Figure 1. Bitcoin Weekly chart with detailed EWP count and technical indicators.
A more straightforward 4th wave potential
As stated in previous updates, 4th wave corrections can take on at least 12 different patterns. Thus, knowing which it will be beforehand is impossible, and knowing which it is when the correction is underway requires the availability of more price data. BTC is now at the stage where we can start to minimize our options and focus on two. The triangle was discussed in detail yesterday, and today we can focus on the completion of a simple zig-zag: a-b-c; 5-3-5. See Figure 1 above.
From its November 2021 all-time-high into the mid-January low, BTC completed wave-a. The subsequent multi-week bounce was a three-wave b-wave. Now the cryptocurrency should be completing the 5-wave c-wave. Last week it already topped right in the ideal (red, intermediate) wave-ii target zone and is currently trading below the tentative but preferred wave-i low. Thus wave-iii should now be underway, followed by iv and v, as shown in Figure 1.
Later this year, a possible tag of the 200-week simple moving average (forwarded in time with the dashed red line) would be an ideal setup. But it is not necessary. The c-wave can morph into an overlapping ending diagonally, but the ultimate and perfect downside target remains about $25-27.5K.
Besides, note how the money flow indicator (MFI14) has increased since the February lows. Thus at this stage, believe it or not, money is flowing slowly back into BTC.

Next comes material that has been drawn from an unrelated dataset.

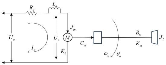 where denotes the armature voltage and represents the armature current. and are the equivalent resistance and inductance in the motor drive circuit, respectively. is the motor torque coefficient, the load friction coefficient, the spring stiffness coefficient, the load inertia moment, and the rotational inertia of the motor. J is the sum of and , representing the equivalent inertia on the motor shaft. stands for external disturbances, is the back electromotive force generated by the coefficient , and , respectively, signify the system deflection angular velocity and angular displacement, and is the system angular displacement output, including the deflection and measurement noise n.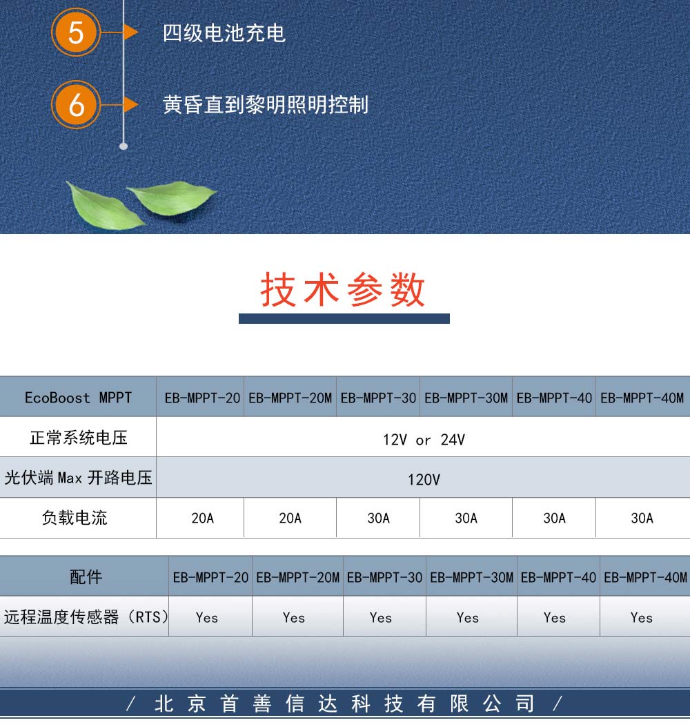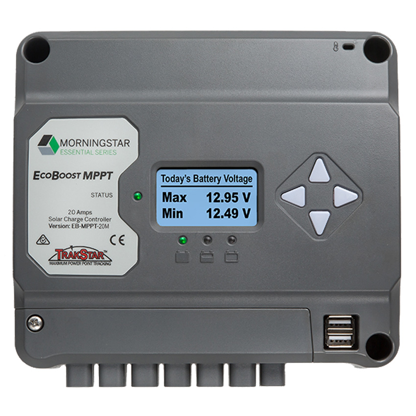 新型EcoBoost MPPT?是Morningstar Essential系列中具有MPPT功能的太陽能充電控制器。該控制器是為住宅和休閑消費者應用而開發的,其中MPPT控制器需要為其他類型控制器不支持的模塊提供額外的電源和調節。該產品可提供20和30伏安電壓額定值,適用于12伏和24伏電池系統,有帶顯示屏和不帶顯示屏版本。

BTC is in a multi-month 4th wave correction of the same degree as the wave that ended in 2018 after the 2017 top. Fourth waves are tricky and can morph into at least 12 different patterns. Now that more data has become available, I can narrow it down to the two most likely. In yesterday’s update, I discussed the triangle. In today’s update, I show that BTC’s setup can also support a more immediate downside setup:
- Stay below last week’s high ($42997) and especially the late-March high ($48208).
- Close below the February low ($34350). That opens up the potential to target $28-30K.
- Close below the January low to confirm the impulse pattern’s ideal downside target of $25.-27.5K
Thus the stage has been set. The conditions are in place for a more direct route to the downside. All BTC must do is provide the triggers according to the aforementioned “three-step program.”